La adolescente Tía  Tina, cuya autoridad sobre sus hermanos y hermanas era indiscutible, y también sobre su mamá que no hacía malos quesos en eso de ser autoritaria, a su papá simplemente lo mandaba con los ojos la consentida. Todos en esa casa sabían que los zapatos de raso color de rosa que Don Hernando había comprado en la capital se los había traído a Tina, para resentimiento perpetuo de sus hermanas que murieron de viejas.



La indomable adolescente que cacheteó al cura que la confesaba por razones ocultas para el resto de la humanidad, la mediadora entre sus papás cuando su mamá se ausentaba durante semanas a sus retiros espirituales en una choza en la punta de un cerro sin permitir que nadie le llevara alimento alguno, según la versión oficial, pero  extraoficialmente, porque Don Hernando ejercía su derecho de pernada más a menudo que frecuentemente, Tina ya entradita en años se casó con el mejor partido de los alrededores, militar de carrera de altos vuelos egresado del Colegio de Cadetes. No existe razón por la que su carácter dominante cambiara al casarse con el militar traga lumbre, convertido en un manso corderito sometido a los caprichos de su esposa que no se paraba en mientes para defender su territorio, "Si eres hombre Francisco, demuéstramelo ahora mismo, mi hermano Alberto abusando de nuestra hospitalidad me ofendió", el hermano bragado que había intentado chotear a su hermana panzona de La Pelancha, le sujetó con fuerza las muñecas para evadir sus cachetadas y huyó despavorido de esa casa, antes que liarse a puñetazos con su cuñado apreciabilísimo, ya que, segurísimamente, el cuñado nunca jamás usaría la pistola que Tina le puso en la mano para escarmentar a Beto.

La Tía Tina, quien quedaría viuda a tan solo siete años de casada, sobrevivió los primeros meses de su viudez gracias al oro con el que intentó inútilmente sobornar a los carceleros de su marido preso en una mazmorra. Pronto Tina se integró a la modernidad, de ser una muñeca consentida sin haber recibido la afrenta de hacer groseros trabajos de casa ni labores manuales cual ninguna, con institutrices que introdujeron a la prole Montero a sus primeras letras, chiqueada por su amoroso marido rendido a sus pies, tomó la decisión de aprender corte y confección de alta escuela y a domeñar su resistencia a la magia blanca de la máquina de coser con pedal a la que nunca se había acercado, no'más faltaba, reto superado que sirvió de ejemplo a dos de sus hermanas que también revolcó la Revolución y no tenían hacia donde voltear, aunque parezca increíble su papá se había quedado en la ruina.

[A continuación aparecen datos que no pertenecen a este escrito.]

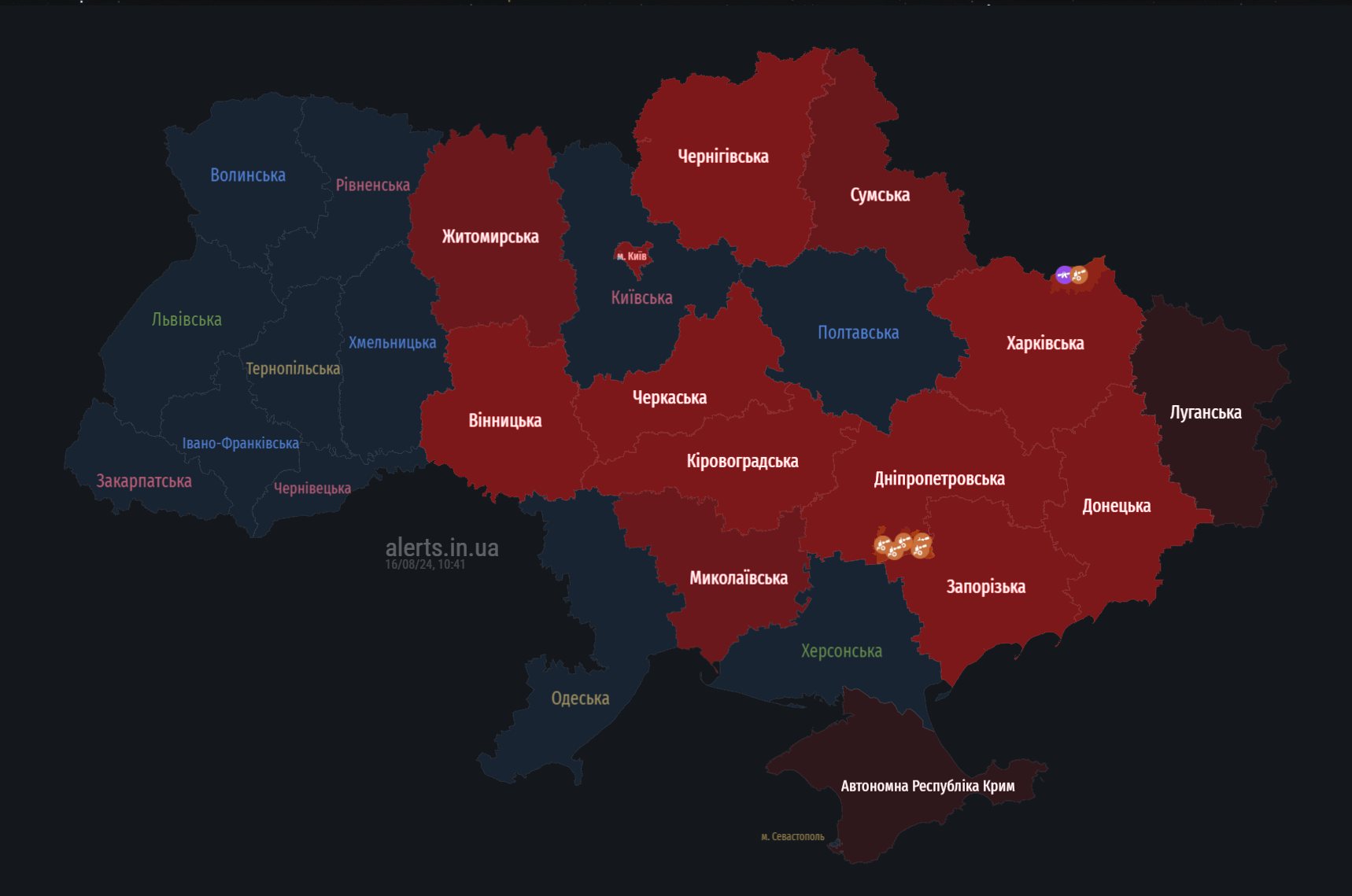 Станом на 10:39 у Києві та низці областей України оголошена повітряна тривога. Як повідомляють моніторингові пабліки, тривога пов'язана з ракетною небезпекою.
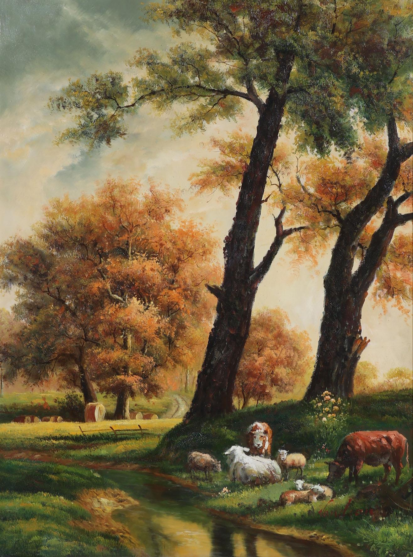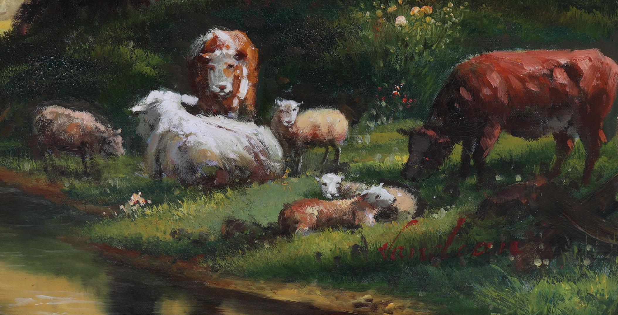 van Han, Landschap met vee, olieverf op doek, 80 x 60 cm.

A Don Hernando lo arruinó la Revolución para la posteridad, esa posteridad a la que se le ocultan los secretos familiares, pero la Revolución ni apuntaba cuando Don Hernando había perdido todo lo que poseía en esta tierra apostándolo en juegos de azar, así como por los despojos arbitrarios de los gobernantes en turno, incluyendo cerros, ríos, lagos y selva de maderas preciosas, en una sola apuesta al as de bastos en un  albur perdió 4 mil reses, como quitarle un pelo a un gato. La crisis familiar llegó a su clímax, su esposa puso tierra de por medio y llegó a la Ciudad de los Palacios con sus dos hijas menores de diez y ocho años de edad. Su llegada coincidió con el deslumbrante desfile del Centenario de la Independencia en el que Don Porfirio echó la casa por la ventana hasta asombrar a la realeza europea y asiática invitada y al selecto grupo de mandatarios, cuyos cortejos en landós y carruajes relucientes tirados por caballos enjaezados desfilaron ante las niñas azoradas que su mamá no soltaba de la mano. Altagracia tomó la drástica decisión de abandonar para siempre su tierra, dispuesta a enfrentarse a las consecuencias cualesquiera que fueran y, para abrir boca, las tres llegaron a la casa de un tal licenciado X, quien había prometido a los hijos de Don Hernando  recuperar el patrimonio familiar que alevosamente se había apropiado el gobernador de Sinaloa.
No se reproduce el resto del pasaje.